CUDA Memory Model

Unified Memory is CUDA’s attempt to make CPU–GPU memory look like one shared address space. The pointer you get from cudaMallocManaged works everywhere. But the real machinery underneath is page migration. Memory moves between CPU RAM and GPU VRAM in chunks (pages, typically 4 KB or 64 KB depending on architecture).

Left alone, the system migrates pages only when they are touched. That creates GPU page faults, which stall execution. cudaMemPrefetchAsync exists to move the data before the kernel needs it.
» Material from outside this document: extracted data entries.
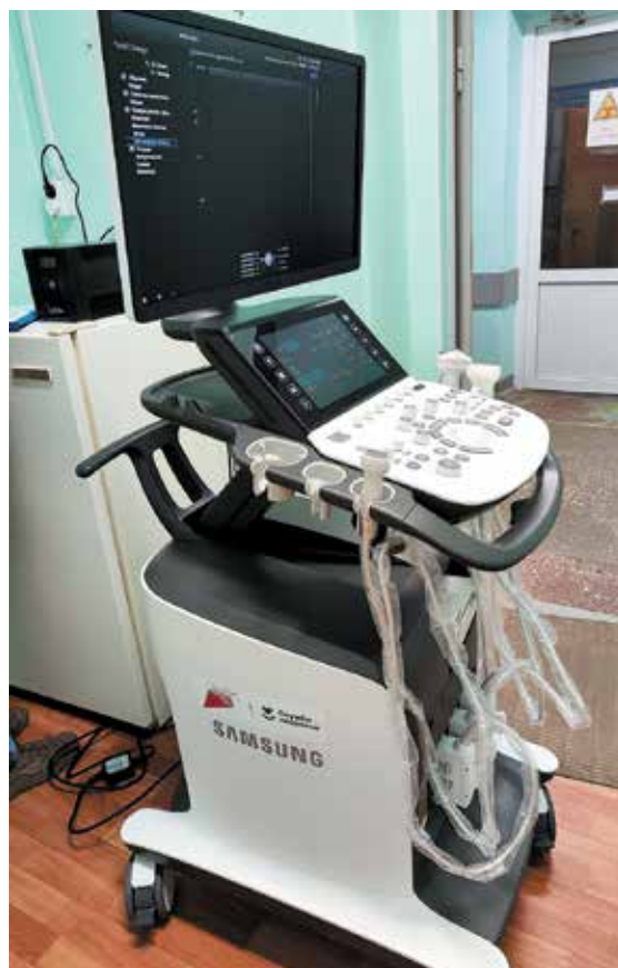
Аппарат УЗИ в Краснокамской городской больнице

В конце июня в первичное сосудистое отделение городской больницы Краснокамска было поставлено устройство Pablo стоимостью более 2,6 млн руб. Оборудование закуплено в рамках федерального проекта «Борьба с сердечно-сосудистыми заболеваниями» нацпроекта «Здравоохранение». С помощью этой аппаратуры прошли реабилитацию уже 15 пациентов.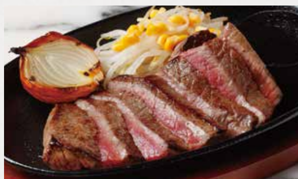
BEEF ROUND STEAK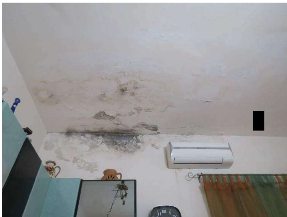
Foto n. 12: Particolare tracce di umidità e muffa presenti nella cucina.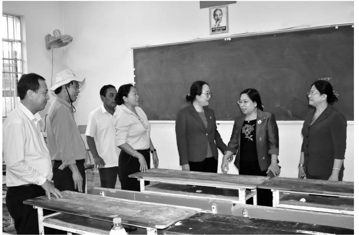
Đoàn công tác của tỉnh kiểm tra cơ sở vật chất chuẩn bị năm học mới tại Trường Trung học phổ thông Nguyễn Khuyến, thị xã Vĩnh Châu (Sóc Trăng).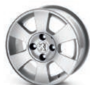
Roue Inca 15"

Ses lignes décontractées et harmonieuses signalent immédiatement Partner Tepee comme un véhicule original, dessiné pour s'aventurer hors des sentiers battus. Avec ces accessoires, affirmez son style inimitable de compagnon futé de toute la famille.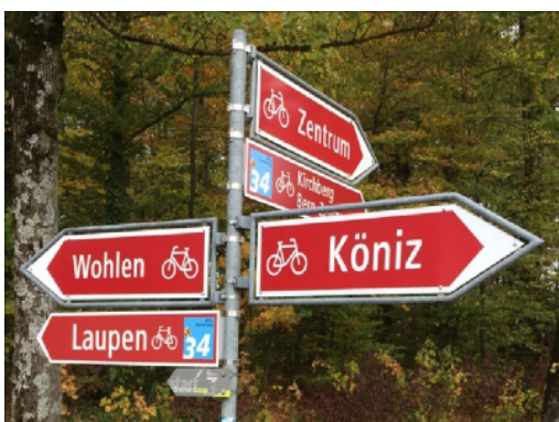
Signalétique pour loisirs pour un itinéraire SuisseMobile et signalisation pendulaire à Berne

Un enjeu principal du jalonnement cyclable consiste en sa bonne intégration dans le contexte spatial. Il s'agit notamment de veiller à la complémentarité des concepts de jalonnement (routiers, régionaux, locaux), en évitant les informations redondantes. Le juste niveau de jalonnement doit aussi être trouvé : des panneaux trop nombreux créent de la confusion, des panneaux trop rares de l'incertitude. Les lieux d'implantation doivent être choisis avec soin, principalement pour assurer leur bonne visibilité et leur caractère intuitif. La coordination entre institutions (communes, cantons) est également importante pour assurer la continuité des indications et la cohérence d'ensemble. Un autre enjeu relève de l'entretien de la signalisation (contrôle régulier et responsabilité clairement définie).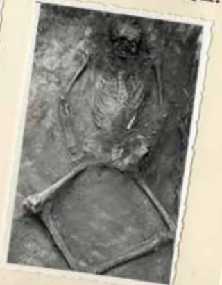
7. Eldőlő csontok és a sovány-lap maradványai.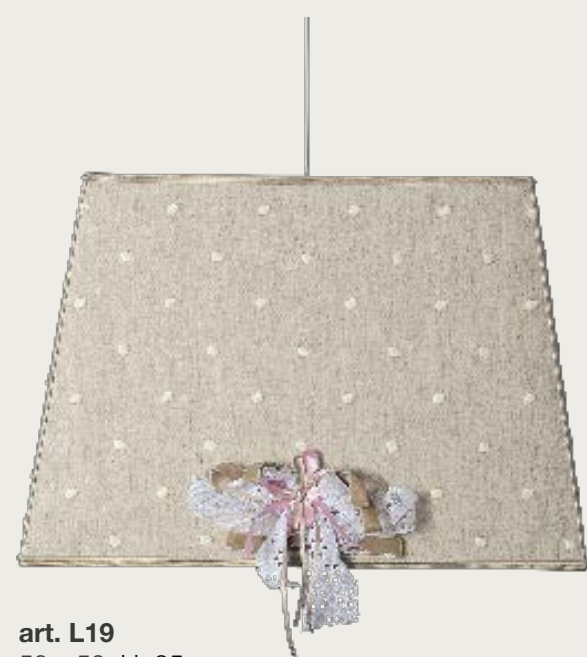
art. L19 50 x 50 H. 35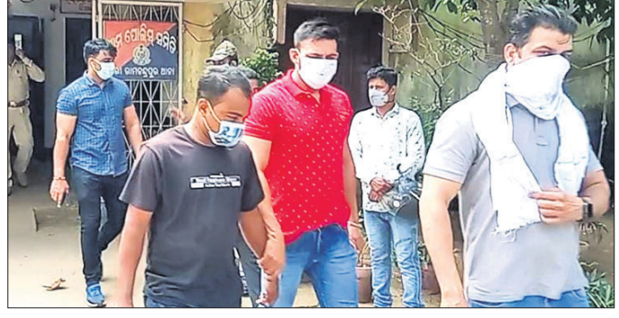
ବରା ରାମଚନ୍ଦ୍ରପୁର ଥାନାକୁ ପ୍ରାଚୀନଙ୍କୁ ନିଆଯାଇଛି ।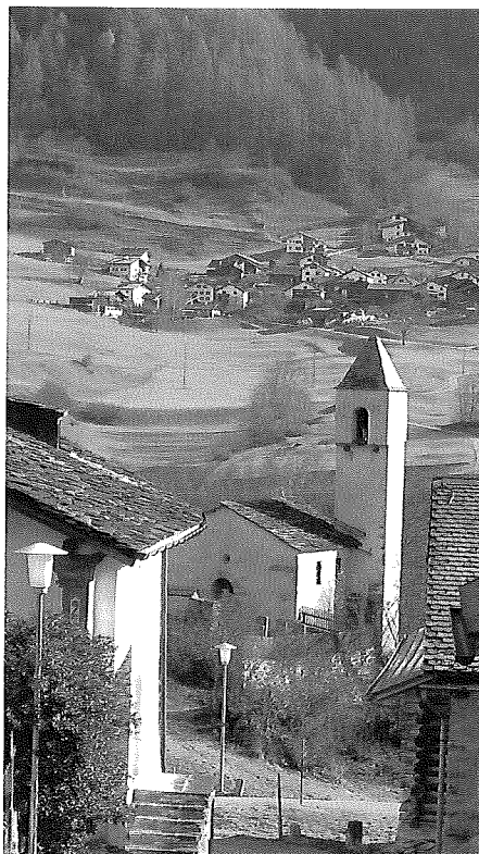
Die Bündnerische Gemeinde Clugin hat auf den 1. Januar 2009 mit Pignia und Andeer zur Gemeinde Andeer fusioniert.

Die Ausarbeitung eines Fusionsvertrages stellt ein geeignetes Mittel dar, um offene rechtliche Fragen im Zusammenhang mit einer Gemeindefusion zu regeln. Der Fusionsvertrag findet deshalb in vielen Kantonen Anwendung und bildet in der Praxis das zentrale rechtliche Element. Grundsätzlich wird er nur bei der freiwilligen Fusion verwendet. Die Zustimmung zum Fusionsvertrag entspricht dem kommunalen Fusionsbeschluss. Fusionsverträge enthalten ähnlich interkantonalen Vereinbarungen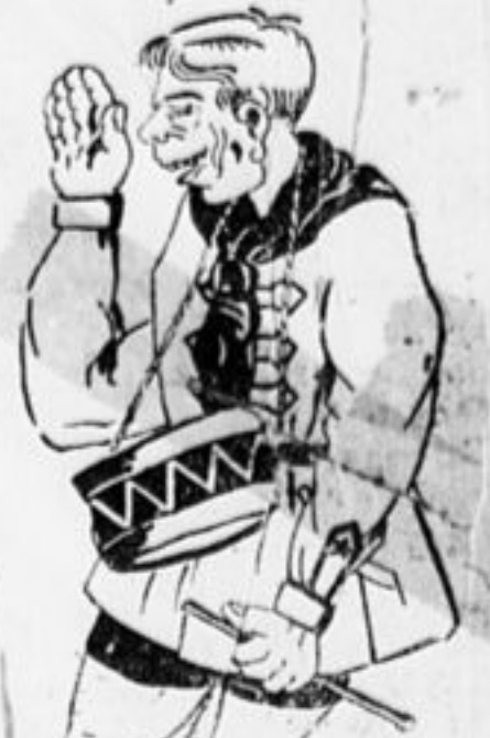
— „Всегда готов!“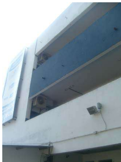
Fig 30 - Fachada - Buzinote jogando água na área externa.

Divisão de Engenharia Rua Clarimundo de Melo, 847 – Quintino - CEP 21311-280 – (21) 2332-4091 – 2332-4052 DIENG@FAETEC.RJ.GOV.BR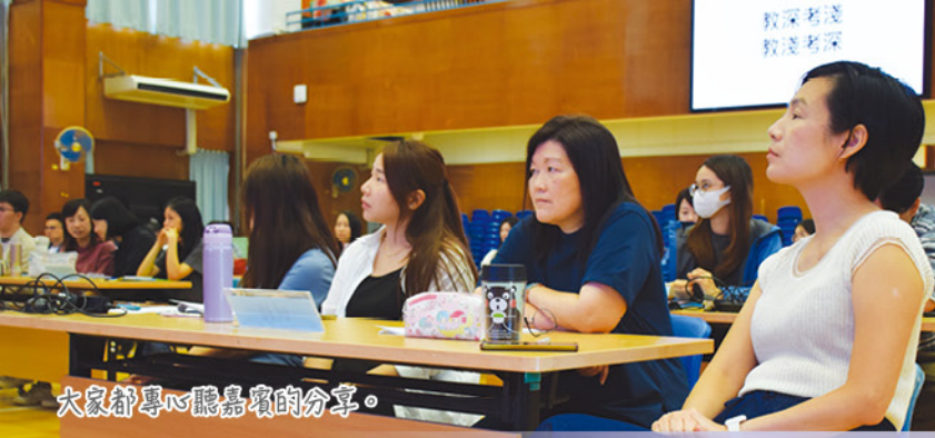
大家都專心聽嘉賓的分享。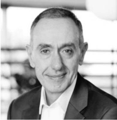
CEO Elie Maalouf said IHG’s total number of hotels in India could reach well above 1,000 in the long term

For the group, the Indian outbound traveller market is also becoming increasingly important to cater to, as it is among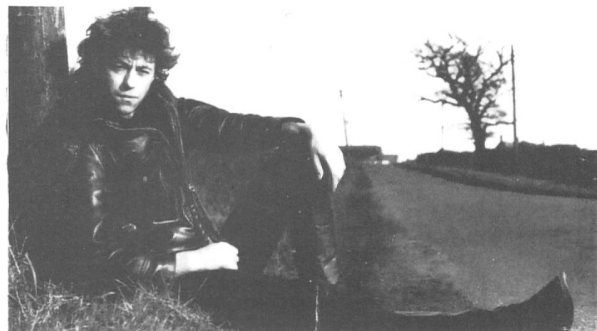
BOB GELDOLF - Probleme mit der äthiopischen Regierung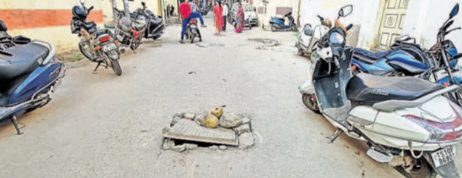
మేడిబావిలో ప్రమాదకరంగా మారిన మ్యూన్ హోళ్లు

సికింద్రాబాద్, జనవరి 14: నీతాఫలం మండలి డివిజన్ పరిధిలోని పలు ప్రాంతాల్లో మ్యూన్ హోళ్లు ప్రమాదకరంగా మారాయి. దీంతో పాదచారులు, వాహనదారులు ప్రమాదాల బారిన పడుతున్నారు. అధికారులకు దివ్యాంగులను చెప్పినా ఫలితం లేకుండా పోతున్నందున స్థానికులు వాపోతున్నారు. డివిజన్ పరిధిలోని మేడిబావి బస్ స్టేషన్ వద్ద మూతలు కుంగిపోయాయి. దీంతో అవి ప్రమాదకరంగా మారాయి. ప్రమాదాలు జరుగకముందే సంబంధిత అధికారులు వాటిని మూల్యాన్ని స్థానికులు డిమాండ్ చేస్తున్నారు.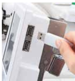
Mouse e USB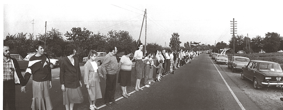
Baltijas ceļš 1989. gada 23. augustā Ķekavā.

Šogad atzīmējam akcijas „Baltijas ceļš” 25. gadadienu, kad 1989. gada 23. augustā pulksten 19 divi miljoni cilvēku, sadevušies rokās 15 minūtes, veidoja aptuveni 600 km garu dzīvo ķēdi, kas savienoja Baltijas valstu galvaspilsētas – Tallinu, Rīgu un Viļņu.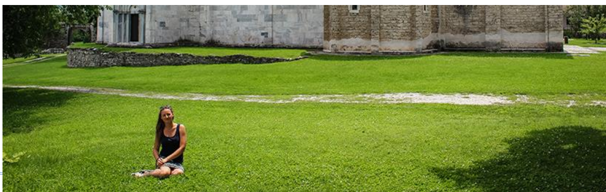
Бела Црква – Блажево Јул, 2018.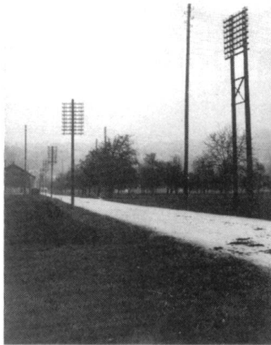
D'interminables rangées de poteaux témoignent du développement du télégraphe et du téléphone.

Bâle peut construire un émetteur dans l'enceinte de son aérodrome et inaugure Radio Bâle le 19 juin 1926, grâce à l'appui des autorités militaires, conscientes qu'elles pourront difficilement en tirer parti à des fins militaires, vu la situation du site à la frontière. En été 1924, elles recommandent pourtant au Conseil fédéral de soutenir la construction d'une station radio à Bâle, comme cela a été fait à Lausanne et à Genève, cela afin d'assurer le maintien de l'ordre, en cas de troubles politiques. L'émetteur national de Monte Ceneri, inauguré en octobre 1933, se trouve dans une zone fortifiée, d'où son surnom au Tessin de «transmittitore inaccessibile»!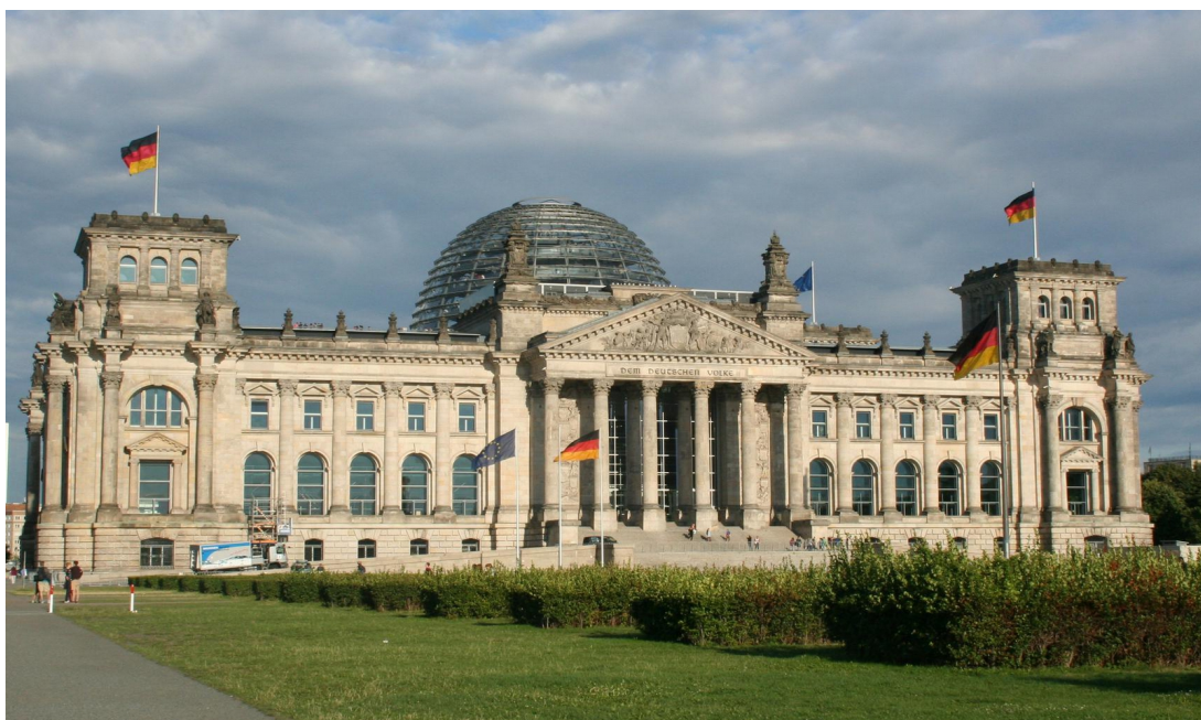
Paul Wallot, Reichstag v Berlinu, 1894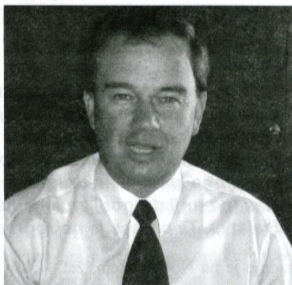
Župan predstavlja prostorski plan.

Ureditev velja za tri leta. V tem času bo treba v Sloveniji pripraviti nove prostorske načrte. Država se je odločila za bolj urejeno načrtovanje in organizirano rabo prostora. Uvedla je nov pojmovnik prostorskega urejanja,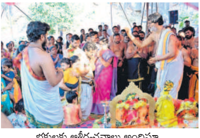
భక్తులకు ఆశీర్వాదాలు అందిస్తూ..

● సందడిగా అయ్యింది ఆలయం దండేపల్లి, డిసెంబర్ 27 : గూడెం ఆలయ శబరిమలై అయ్యప్ప ఆలయంలో బుధవారం మహా మండల పూజ మహోత్సవాన్ని ఆత్మీయ వైభవంగా నిర్వహించారు. గురుస్వామి చక్రవర్తి పురుషోత్తమ మూర్తుల ఆధ్వర్యంలో గురుస్వామిలు దీవ్య దుస్తింబడి పూజను ఘనంగా నిర్వహించారు. ఈ సందర్భంగా ఆలయంలో పద్దెనిమిది మెట్లను పూజతో అందంగా అలంకరించారు. అష్టోత్తర శతకలశాభిషేకం, మహాపడిపూజ, అభిషేకాలు, కుంకుమార్చనలు, స్వామి వారికి పుష్పాభిషేకం, పంచామృతాభిషేకాలు నిర్వహించారు. స్వామియే శరణం అయ్యింది అంటూ స్వామిలు ఆధ్యాత్మిక గీతాలు అలపించారు. గురుస్వామిల మంత్రోచ్ఛారణల మధ్య అయ్యప్ప శరణాగతితో ఆలయ ప్రాంతం మర్యాదగా ఉంది. వివిధ ప్రాంతాల నుంచి వచ్చిన భక్తులతో గుట్ట ప్రాంతం సందడిగా మారింది.

Below is a cleaned-up set of notes suitable for a markdown reference.

CUDA Unified Memory Notes

1. Allocate Unified Memory

cudaMallocManaged allocates memory accessible from both CPU and GPU.

int *data;
int N = 1024;

cudaMallocManaged(&data, N * sizeof(int));

Same pointer works everywhere.

__global__ void add_one(int* data) {
    int i = threadIdx.x;
    data[i] += 1;
}

int main() {
    add_one<<<1, 1024>>>(data);
    cudaDeviceSynchronize();
}

Free memory normally:

cudaFree(data);

2. Why Prefetch Exists

Without prefetch:

Kernel accesses memory
GPU triggers page fault
Driver migrates page CPU → GPU
Kernel resumes

This can happen thousands of times.

Prefetch moves memory ahead of execution, avoiding faults.

3. cudaMemPrefetchAsync

Prefetch unified memory to a specific device.

cudaMemPrefetchAsync(ptr, size, device_id);

Example:

int device;
cudaGetDevice(&device);

cudaMemPrefetchAsync(data, N * sizeof(int), device);

add_one<<<1, N>>>(data);
cudaDeviceSynchronize();

Meaning:

Move the pages to the GPU’s VRAM before the kernel runs.

4. Prefetch Back to CPU

After GPU work finishes, you can migrate memory back.

cudaMemPrefetchAsync(data, N*sizeof(int), cudaCpuDeviceId);

Now CPU reads will not trigger page faults.

5. Multi-GPU Prefetch

Unified memory supports migration between GPUs.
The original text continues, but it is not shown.